• Provided material:
= = = = = = =

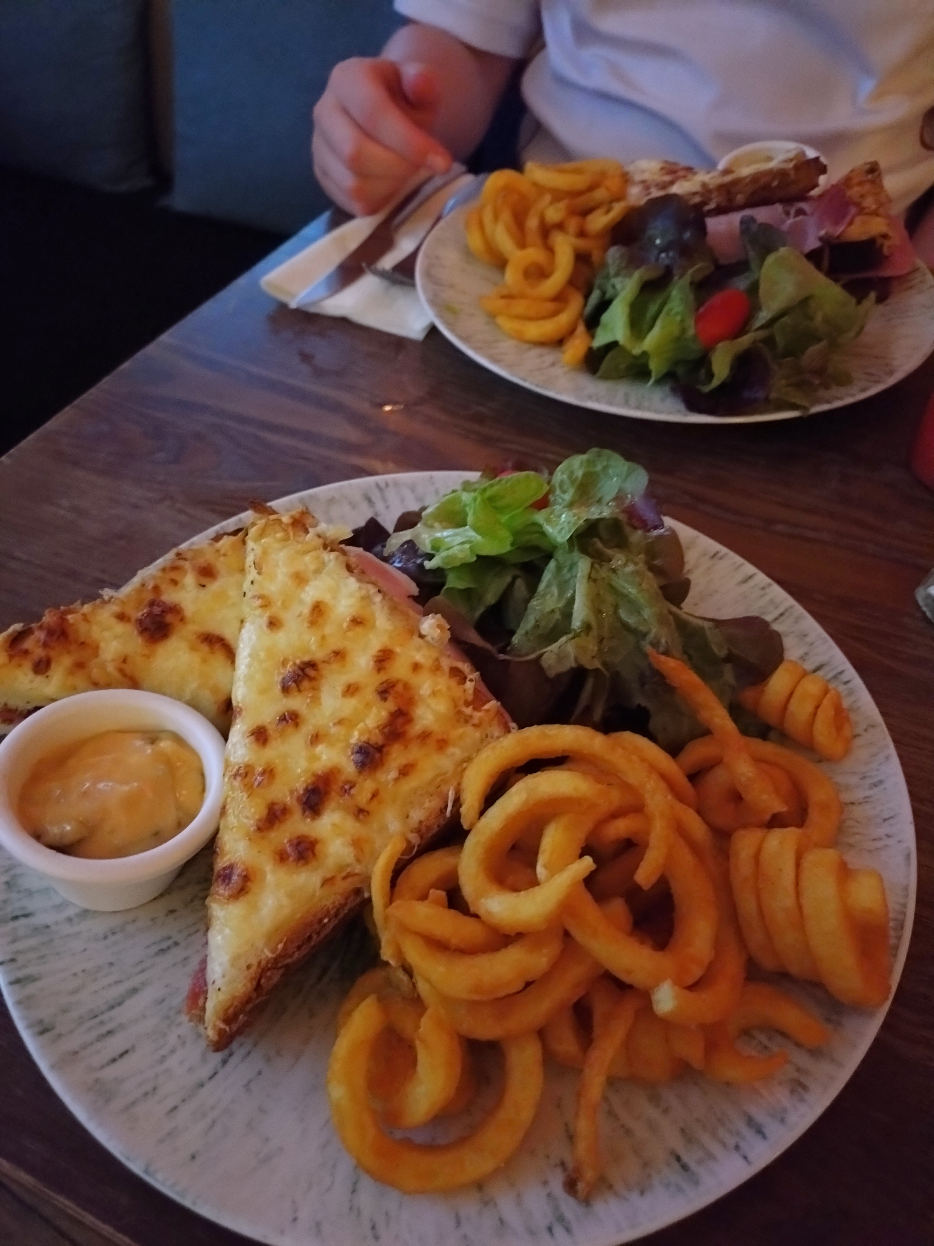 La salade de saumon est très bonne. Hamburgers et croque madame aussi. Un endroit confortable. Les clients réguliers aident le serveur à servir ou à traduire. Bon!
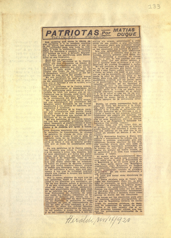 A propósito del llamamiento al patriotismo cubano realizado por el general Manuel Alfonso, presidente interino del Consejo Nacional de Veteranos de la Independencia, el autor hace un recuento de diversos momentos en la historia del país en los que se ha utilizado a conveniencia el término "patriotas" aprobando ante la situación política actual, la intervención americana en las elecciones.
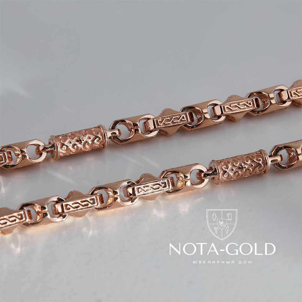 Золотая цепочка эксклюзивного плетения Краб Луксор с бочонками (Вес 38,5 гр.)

= = = = = = =

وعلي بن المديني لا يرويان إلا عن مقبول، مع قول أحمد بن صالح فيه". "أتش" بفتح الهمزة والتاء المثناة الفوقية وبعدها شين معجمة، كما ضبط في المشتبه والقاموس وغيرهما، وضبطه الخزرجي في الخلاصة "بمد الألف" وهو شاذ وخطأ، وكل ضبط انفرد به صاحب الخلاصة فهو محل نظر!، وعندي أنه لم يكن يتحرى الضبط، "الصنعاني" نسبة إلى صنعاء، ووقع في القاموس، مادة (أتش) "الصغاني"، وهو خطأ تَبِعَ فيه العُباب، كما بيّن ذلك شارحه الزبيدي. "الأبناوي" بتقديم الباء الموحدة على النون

= = = = = = =

Repeat, without pictures, exactly the lines of the data above from the one containing "La salade de" through the one containing "Золотая цепочка эксклюзивного", including both and adding nothing.

 La salade de saumon est très bonne. Hamburgers et croque madame aussi. Un endroit confortable. Les clients réguliers aident le serveur à servir ou à traduire. Bon!
 A propósito del llamamiento al patriotismo cubano realizado por el general Manuel Alfonso, presidente interino del Consejo Nacional de Veteranos de la Independencia, el autor hace un recuento de diversos momentos en la historia del país en los que se ha utilizado a conveniencia el término "patriotas" aprobando ante la situación política actual, la intervención americana en las elecciones.
 Золотая цепочка эксклюзивного плетения Краб Луксор с бочонками (Вес 38,5 гр.)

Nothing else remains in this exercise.